Where there's a Willesden there's a way

Wednesday, September 24, 2003

Counselling 101: Beyond the silence.

It's the first day of my counselling introduction course, and I need to keep a journal. So here's some rudimentary notes.

we all came in with predetermined ideas- I know I'd written my speech for when I was asked what I was doing there and what I expected to gain ages in advance. So it was an important lesson to just forget all of that, sit back and listen. That's probably fairly essential for a counsellor. What an unexpected result of that was that I realised all I was planning to say had been said better, so I just said what I was feeling. Which was something like:
"People sometimes come to me for advice and I'd like a better idea of what to do. And personally, what I really want to know is how to care, but not so much that it affects me. How to care the right amount."

At the very least, I'd probably sleep better.

The teacher also did an interesting exercise. We split off in twos, and once had to be the counsellor, one the client. The client (went first) had to just talk about what it felt like to be in that chair. And although they were identical, they were totally different chairs. As the client I was sprawled out on the chair, slightly freaked out by my partner's totally impassive stare. Speaking to fill the silence, which was unsettling.

Can you believe we actually had to physically swap chairs midway through? Although I thought we were both actors, we were experiencing a very powerful tool. It helped, too, that the client chair had a black jacket on it, and the counsellor chair a white top.

As the counsellor my posture was totally different, closed and upright, and I had to concentrate on the right responses- not speaking, obviously, but I'd learnt from my turn the importance of a counsellor registering what their client says on their face. I think it worked (mostly). But you don't give as a counsellor, I think, you receive. The client gives you something, and when it follows a long silence you can see something significant building inside them. We don't often let silences finish themselves off and see what lies beyond, which is a shame. But this is very fragile, and the slightest word or look from me would have broken it.
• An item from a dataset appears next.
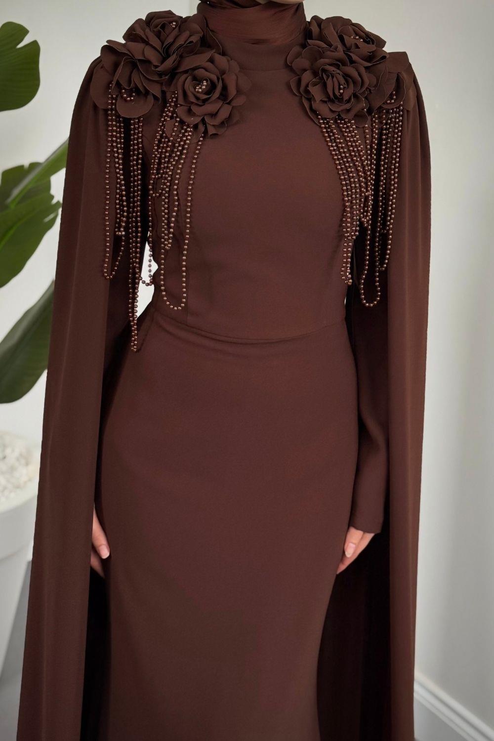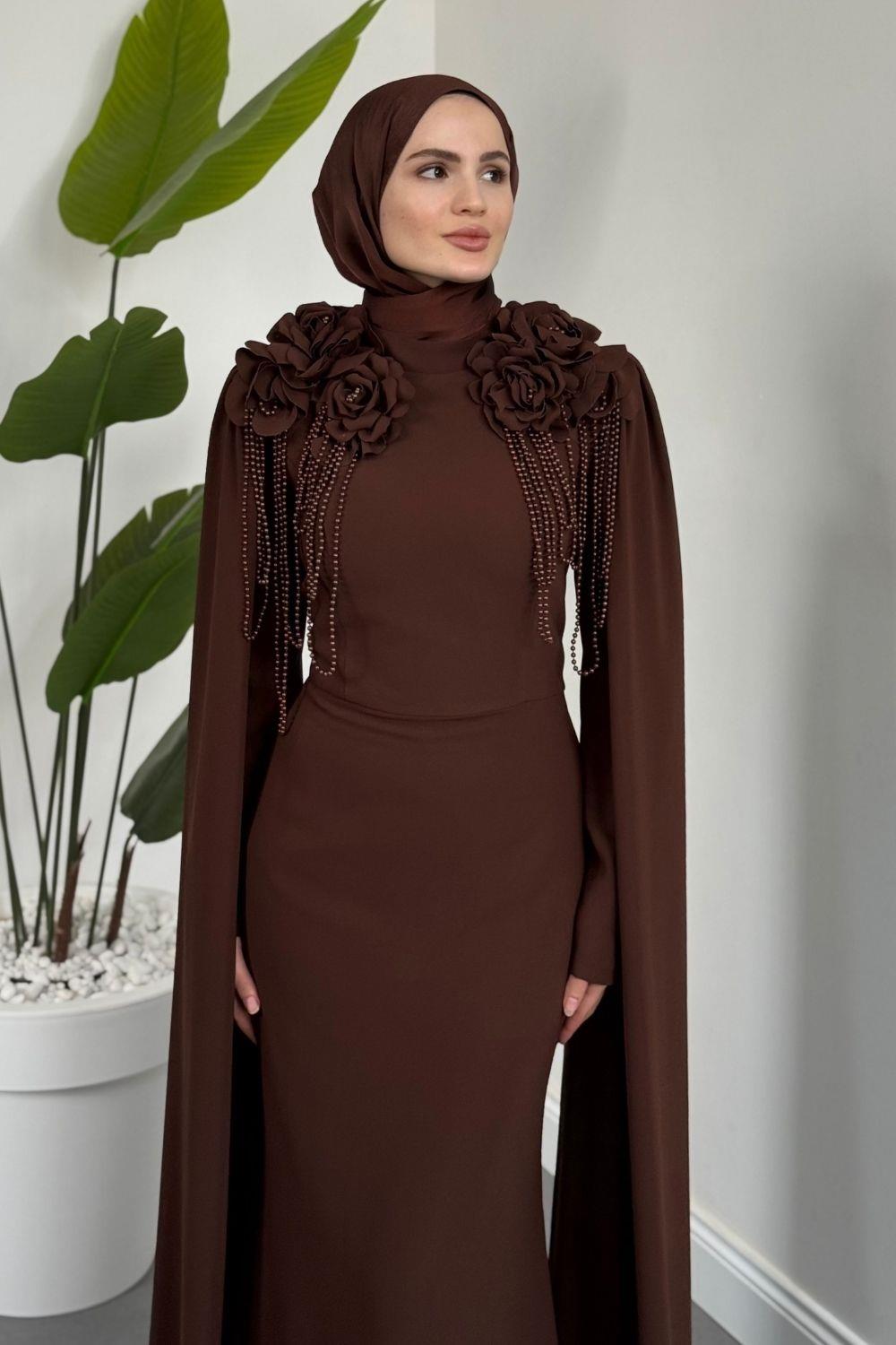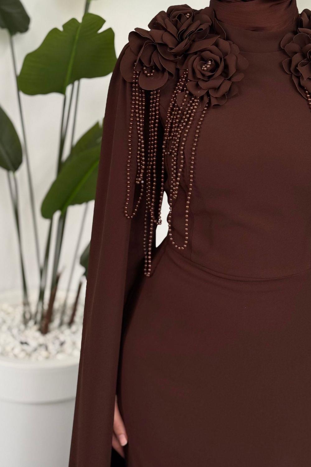 Bellavere Omzu Güllü Abiye Kahverengi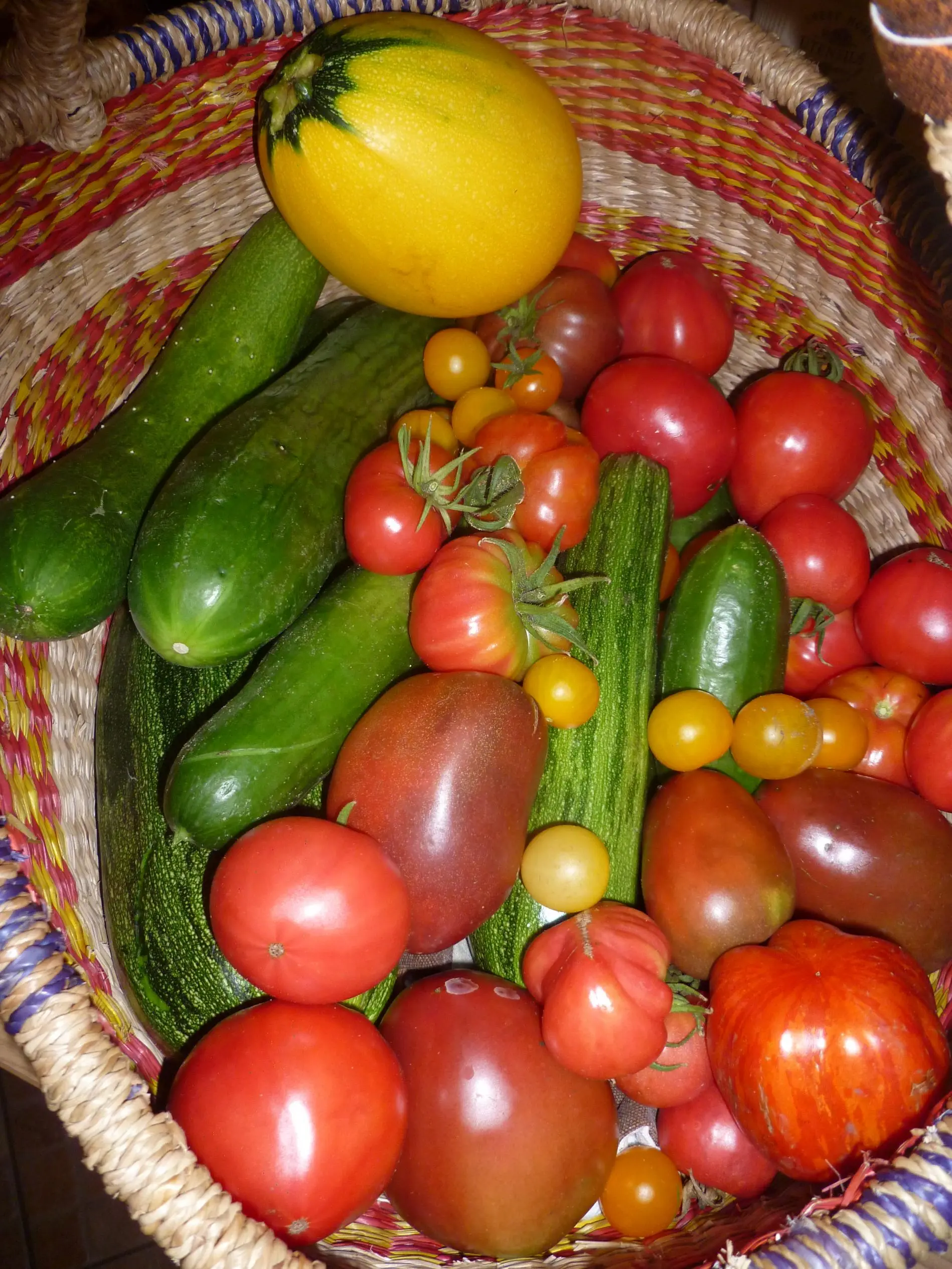 wir ernten quer aus beiden gärten denn bei jedem ist etwas anderes im überschuss reif und somit ganz praktisch.

I suppose all the counsellor gives in cases like that is the time to let the client see what lies beyond that silence.

Those are the main lessons I'll take from session one. The scale of the forces, and the importance of being yourself. I'm too prone to rationalising, putting everything into words and imagining scenarios. yet when I strip off the surface and daily chatter of thought and almost stop thinking, that's when I really start to learn.